El remedio pasa por la imprescindible percepción de la amenaza y su consecuente repercusión en los hábitos de vida cotidiana. Pero también por que el Gabinete se implique en la gestión de manera inmediata, sin esperar a que fracase el dudoso modelo de la «cogobernanza» o que los rebrotes salten de una autonomía a otra -a ser del posible del PP- para rescatar el estado de alarma y decretar encapsulamientos territoriales a pequeña o media escala. Aunque el Ejecutivo nacional carezca de capacidad funcional y de competencias para hacerse cargo de la atención primaria, tiene a su alcance herramientas de intervención que vayan más allá de una coordinación tan bienintencionada como de patente ineficacia. A estas alturas resulta incomprensible, por ejemplo, la pasividad en el control del aeropuerto de Barajas, por más que se trate de salvar el turismo evitando barreras disuasorias de entrada. La situación no admite coartadas cuando la infección está a punto de entrar en la fase de transmisión comunitaria.

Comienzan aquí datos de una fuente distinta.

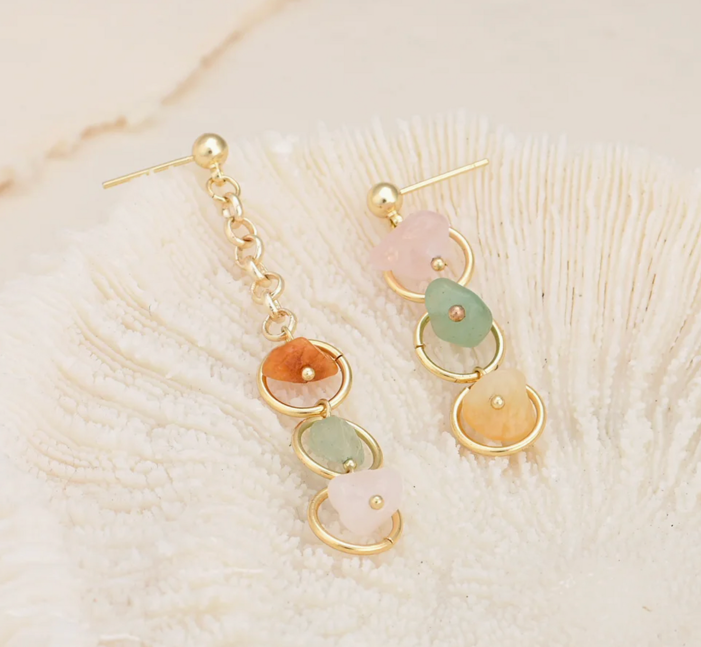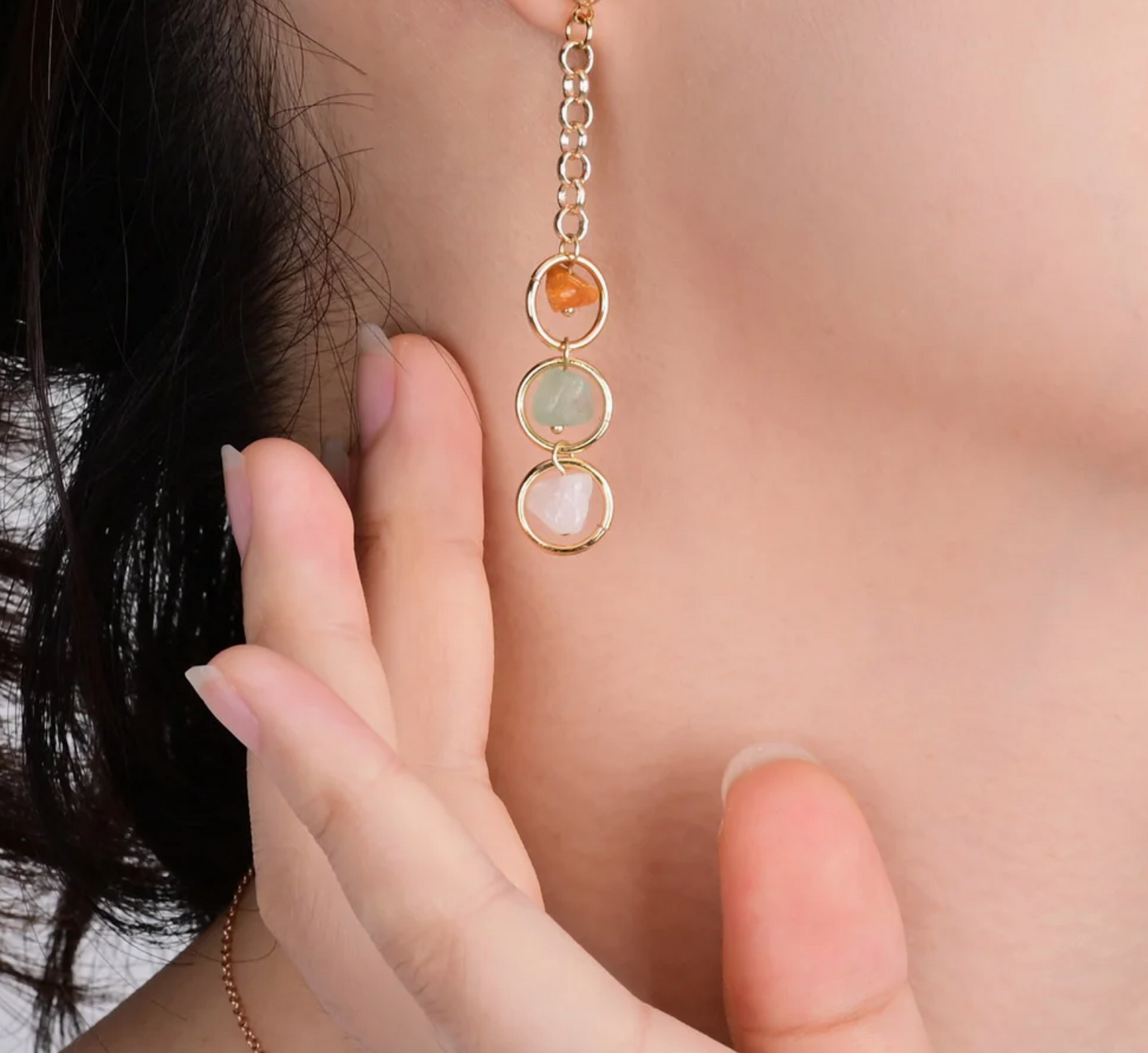 Add a playful touch to your style with our Vibrant Mixed Stone Mismatched Earrings. Crafted from an eclectic blend of mixed stones, each piece is unique, with colors that may vary, ensuring no two pairs are exactly alike. The earrings feature durable zinc alloy metal components, offering a sophisticated finish. This set includes one short earring and one long earring, creating a chic, asymmetrical look that stands out. Handmade with love and meticulous attention to detail, these earrings are more than just accessories—they are pieces of art. Elevate your jewelry collection with these carefully manufactured, vibrant mismatched earrings.

Y si se hace menester, que tal vez se haga pronto, recurrir a nuevas medidas de excepción, más vale negociarlas antes de que una emergencia disparada desemboque en el previsible intercambio de reproches y la inevitable trifulca parlamentaria.

El patrón de error de marzo no debe, no puede repetirse… y se está repitiendo, con el agravante de que una parte -minoritaria pero significativa- de la población ofrece un comportamiento incorrecto, ajeno a la trascendental delicadeza del momento. Cualquier paso atrás volvería estéril la fatigosa negociación del socorro europeo; no habría dinero en el mundo para levantar la economía de otro hundimiento, ni opinión pública capaz de asumir el peso de una segunda oleada de muertos. Nadie podrá salir indemne, y menos que nadie el Gobierno, porque ya no sería la política la que cayese por el despeñadero, sino que el sistema mismo entraría al completo en una pavorosa crisis de descrédito.

Por eso, la responsabilidad esencial de esta hora corresponde al liderazgo, cuya dimensión se mide en la determinación para abordar escenarios antipáticos. Es Sánchez quien tiene que demostrar que su pasión por el mando sirve para algo, y de él para abajo todos los representantes institucionales -también los autonómicos- han de mostrar su sentido de Estado. La pasividad gubernamental con el caos catalán, por miedo a la reacción del nacionalismo, es un mal camino que conduce a la diabólica espiral de los agravios comparativos. Aquella triunfalista proclama presidencial de que «hemos derrotado al virus» se va quedando sin sentido a medida que aumentan los resquicios por donde la epidemia multiplica su crecimiento cuantitativo. La asignación de culpas, los casuismos jurídicos, los argumentos de autodefensa y la búsqueda artificial de enemigos funcionan tan mal como el optimismo ficticio. Se acaba el tiempo de los egos agrandados, los aplausos y los paseíllos: otoño será una catástrofe si no se actúa ahora mismo.